Blood flow restriction is a deliberate impingement of the veins using a type of tourniquet or cuff while doing low-resistance weight training1. Blood oxygenates the muscles by traveling through arteries but is restricted as the unoxygenated blood tries to leave the muscles through the veins. Note that the pressure applied is not supposed to cut off circulation entirely. Blood should be flowing to the muscles and having a harder time leaving through veins due to pressure.

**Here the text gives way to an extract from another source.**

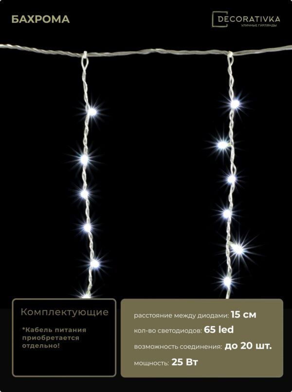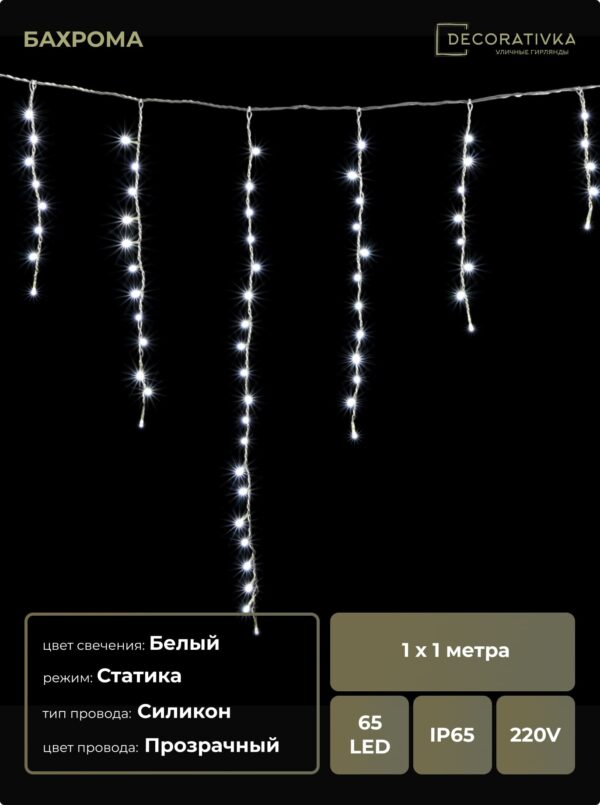 Гирлянда Бахрома 1 x 1 м Белая 220В, 65 LED, Провод Прозрачный Силикон, IP65

Pressure applied during BFR is not supposed to cut off circulation entirely. Instead, blood should be flowing to the muscles and having a harder time leaving through veins due to pressure. This restriction combined with low-impact resistance training has shown that the body thinks it’s working harder than it is, leading to muscle growth. Essentially, the body is being put under mechanical stress, which in turn leads to muscle hypertrophy.
Benefits & Research Behind Blood Flow Restriction
Research has shown many benefits to using blood flow restriction as a supplement to normal training or recovery purposes. According to the Cleveland Clinic, benefits include increasing muscle size faster than regular training alone, the same lifting gains as compared to regular training using 20-30% less weight or reps, less impact on joints and tendons during lifting, and prevention of muscle loss in those who are immobile.2 Another study evaluated BFR use with older adults: the researchers examined 11 published studies and found that low intensity training with blood flow restriction was a safe method to help older adults gain muscle strength and growth.3 Experts have concluded that BFR utilizes anaerobic metabolism.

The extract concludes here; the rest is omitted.